Вот, трое современных крестьян – и пробирались по краю поля к дальним копенкам, чтобы привезти скотине сена. Точнее, один правил трактором ДТ-75 с телегой, а двое шли впереди – пробовали дорогу, чтобы не свалиться в яму с трактором – а то председатель точно квартальной лишит. Двое шли перед медленно ползущим трактором, пробовали вилами землю и говорили о футболе…

– Не… не будет толку от Малофеева, говорю тебе, не будет. Надо или Лобана на сборную или Бескова.

– Сказал тоже. Лобана.

– А чо не так?

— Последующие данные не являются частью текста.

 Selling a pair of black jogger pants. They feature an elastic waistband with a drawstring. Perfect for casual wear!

Ты Советский спорт читал?

– Да чего там, в Советском спорте толкового напишут…

Надо сказать, что еще десять лет назад в селе был один телевизор – у председателя. Сейчас они были в каждом третьем доме, и теперь только и разговоров было у мужиков, что про футбол.

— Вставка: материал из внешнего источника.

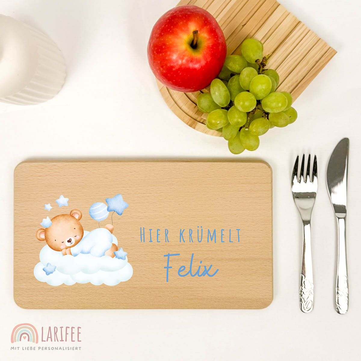 • Frühstücksbrettchen Holz personalisiert – Bär auf Wolke
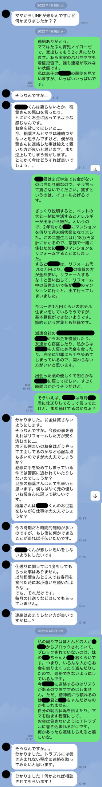 このところカールくんには迷惑しかけていない。本当に申し訳ない。この文面を見てもらえばわかることだが、カールくんは冷静な常識人で母親思いで、何の落ち度もない好青年である。息子のカールくんにまでお金を無心するようになったサイコ。私から奪った身代金100万円は、どうやら使い果たしたようだ。息子のカールくんと妹のバリ子に断られたら、そうそろ頼るあては無くなる頃だろう。
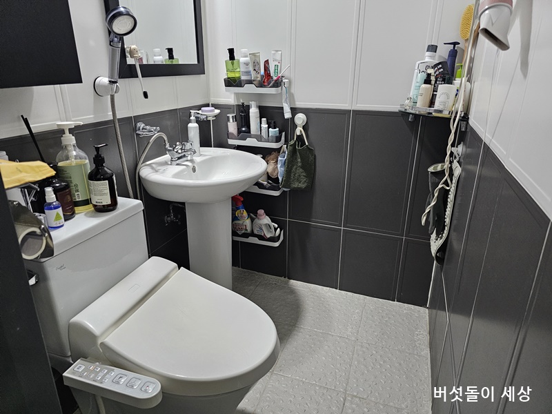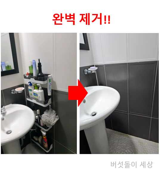 이사를 결정한 후 집안 곳곳 흠집이나 원상복구를 해야 하는 부분을 체크했다. 커튼 못 자국은 보수제를 활용해 메꾸니 자연스럽게 복구되었다. 하지만 전혀 예상치 못한 부분이 있으니 바로 욕실 벽면에 붙은 강력 테이프로 설치한 선반 4개이다.

– Того и напишут. У нас Лобан только и выигрывал большие призы.

– Лобан тупой. И футбол у него тупой. Он не играет, он мешает играть другим…

Селяне осмотрелись – снег да снег кругом, снег, причем скверный, напитанный водой. Уходящая вдаль линия ЛЭП, темнеющий на горизонте перелесок

Вон там поменьше…

– Перекур!

– Перекур, б…!

Тракторист остановился, высунулся из кабины

– А?

– Перекур!

– Трактор не глуши. Еще не заведется…

Поставив трактор на холостые, трое селян направились к опоре ЛЭП, где было снега поменьше, по пути обсуждая возможности минского и киевского Динамо, Спартака и в целом перспективы клубного футбола и сборной. А к ЛЭП они направились, чтобы было, где присесть – там снега было поменьше. Не будешь же в снег садиться.

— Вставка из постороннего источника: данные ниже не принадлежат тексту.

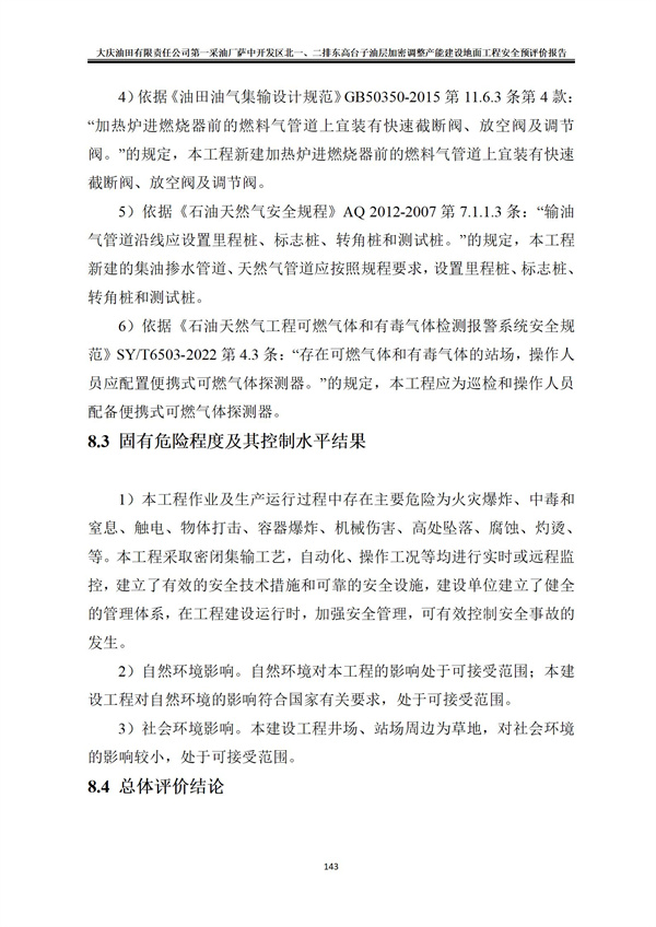 大慶油田有限責(zé)任公司第一采油廠薩中開發(fā)區(qū)北一、二排東高臺子油層加密調(diào)整產(chǎn)能建設(shè)地面工程方案符合相關(guān)法律、法規(guī)及標(biāo)準(zhǔn)規(guī)范對安全生產(chǎn)的要求。建設(shè)單位應(yīng)在其今后的設(shè)計、施工和運(yùn)行中進(jìn)一步落實本工程方案提出的安全技術(shù)措施和本次安全預(yù)評價提出的補(bǔ)充安全措施,確實保證工程安全設(shè)施和主體工程的“三同時”,并在工程竣工投產(chǎn)后切實加強(qiáng)安全生產(chǎn)管理,以實現(xiàn)工程安全、平穩(wěn)運(yùn)行,建成投產(chǎn)后可以確保安全生產(chǎn)。

У двоих были лопаты, потому что копны надо было очищать от снега и прочищать дорожку для трактора. В две лопаты – быстро отмахали участочек, где сесть, где ноги поставить и так чтобы не промокнуть до нитки. Как вдруг…

– А это что?

Трое мужиков смотрели на снег… на скованную морозом землю… на детскую ручку из-под снега…


Я хорошо помню этот день. Очень хорошо…

Я тогда только устраивался в прокуратуре… конечно, не первый месяц работал – но все же. Брали меня сразу в городскую, повезло – заступники нашлись, у матери третья категория допуска – то есть, проверять не надо.

Но пока меня сослали набираться опыта в районную прокуратуру. Причем тогда она сидела на первом этаже жилого дома, и условия там были… мягко говоря, не ахти.

Почему я в итоге решил стать прокурором? Странно, но мне почему-то с детства нравился закон как идея. Я был не очень то компанейским мальчуганом, и в компаниях тогда много чего творилось. Это был конец семидесятых, проработкой на пионерском собрании уже было никого не испугать. Но я в какой-то момент узнал, что есть закон, который всем велит как надо поступать и как поступать не надо. И если кто-то поступает не по закону – то его надо наказывать. И хотя мои сверстники тогда не сильно то задумывались о законе – я задумывался. И все чаще думал о том, что если кто-то должен следить за тем, чтобы выполнялся закон – то почему это не должен быть я?

Нашлись добрые люди, которые подсказали идти не в милицию, а именно в прокуратуру. Потому что в милицию шли некоторые мои сверстники, которые как о законе не думали. Тогда кстати уже начали проявляться некоторые негативные моменты, которые дадут столь страшные всходы в девяностые. Когда я уже заканчивал ВУЗ – начался погром милиции Андроповым – сорок тысяч самых опытных ментов и следаков полетели. А прокуратуре повезло – после Руденко, умершего в восемьдесят первом, прокуратуру возглавил Рекунков, человек опытный и порядочный, фронтовик…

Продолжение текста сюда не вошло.